DIRECTIONS FOR THIS TASK: Please repeat the lines below, exactly and only, from the one that holds "This study uses" through the one that holds "Metal Shelves Assorted".

--- DATA FOR PROCESSING ---

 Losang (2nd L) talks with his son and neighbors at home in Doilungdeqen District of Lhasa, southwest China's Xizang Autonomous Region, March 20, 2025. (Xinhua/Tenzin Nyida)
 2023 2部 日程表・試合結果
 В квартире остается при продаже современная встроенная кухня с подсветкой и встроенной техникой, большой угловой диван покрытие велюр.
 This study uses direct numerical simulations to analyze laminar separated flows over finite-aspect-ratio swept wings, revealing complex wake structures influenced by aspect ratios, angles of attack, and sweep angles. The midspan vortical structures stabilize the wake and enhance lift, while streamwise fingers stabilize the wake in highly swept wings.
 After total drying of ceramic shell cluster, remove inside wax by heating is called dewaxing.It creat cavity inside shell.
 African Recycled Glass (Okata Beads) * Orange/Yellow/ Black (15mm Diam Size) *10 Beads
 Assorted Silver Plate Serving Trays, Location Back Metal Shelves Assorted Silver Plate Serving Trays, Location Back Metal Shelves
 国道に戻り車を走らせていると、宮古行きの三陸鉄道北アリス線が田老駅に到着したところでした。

---
--- DATA FOR PROCESSING ---

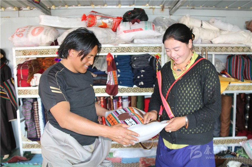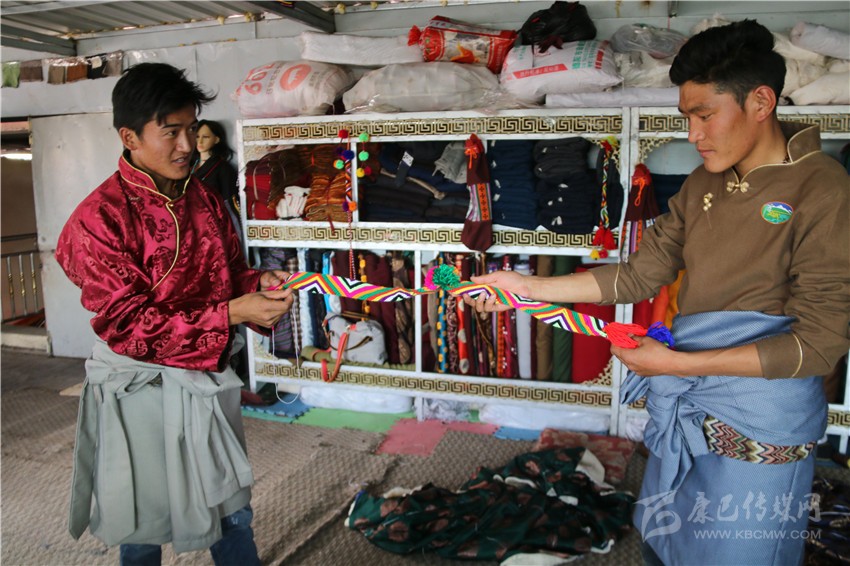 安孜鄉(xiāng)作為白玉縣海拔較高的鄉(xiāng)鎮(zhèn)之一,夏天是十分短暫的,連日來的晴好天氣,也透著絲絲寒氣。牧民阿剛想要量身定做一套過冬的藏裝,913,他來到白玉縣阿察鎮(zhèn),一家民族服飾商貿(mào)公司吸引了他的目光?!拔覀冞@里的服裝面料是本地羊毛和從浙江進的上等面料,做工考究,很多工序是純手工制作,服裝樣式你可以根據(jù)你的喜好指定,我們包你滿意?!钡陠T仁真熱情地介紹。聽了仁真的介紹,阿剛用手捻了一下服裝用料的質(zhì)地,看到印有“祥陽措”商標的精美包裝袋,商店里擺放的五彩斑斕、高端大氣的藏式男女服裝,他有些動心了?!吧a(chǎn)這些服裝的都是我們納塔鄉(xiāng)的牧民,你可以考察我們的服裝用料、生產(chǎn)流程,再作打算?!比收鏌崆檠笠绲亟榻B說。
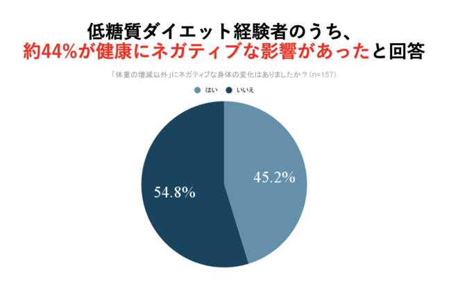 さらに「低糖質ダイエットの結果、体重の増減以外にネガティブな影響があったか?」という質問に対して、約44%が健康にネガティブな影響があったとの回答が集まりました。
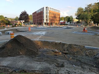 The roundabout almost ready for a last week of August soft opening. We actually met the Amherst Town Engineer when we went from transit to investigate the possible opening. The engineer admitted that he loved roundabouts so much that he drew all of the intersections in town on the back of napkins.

---

REPLY TO THE TASK:
 This study uses direct numerical simulations to analyze laminar separated flows over finite-aspect-ratio swept wings, revealing complex wake structures influenced by aspect ratios, angles of attack, and sweep angles. The midspan vortical structures stabilize the wake and enhance lift, while streamwise fingers stabilize the wake in highly swept wings.
 After total drying of ceramic shell cluster, remove inside wax by heating is called dewaxing.It creat cavity inside shell.
 African Recycled Glass (Okata Beads) * Orange/Yellow/ Black (15mm Diam Size) *10 Beads
 Assorted Silver Plate Serving Trays, Location Back Metal Shelves Assorted Silver Plate Serving Trays, Location Back Metal Shelves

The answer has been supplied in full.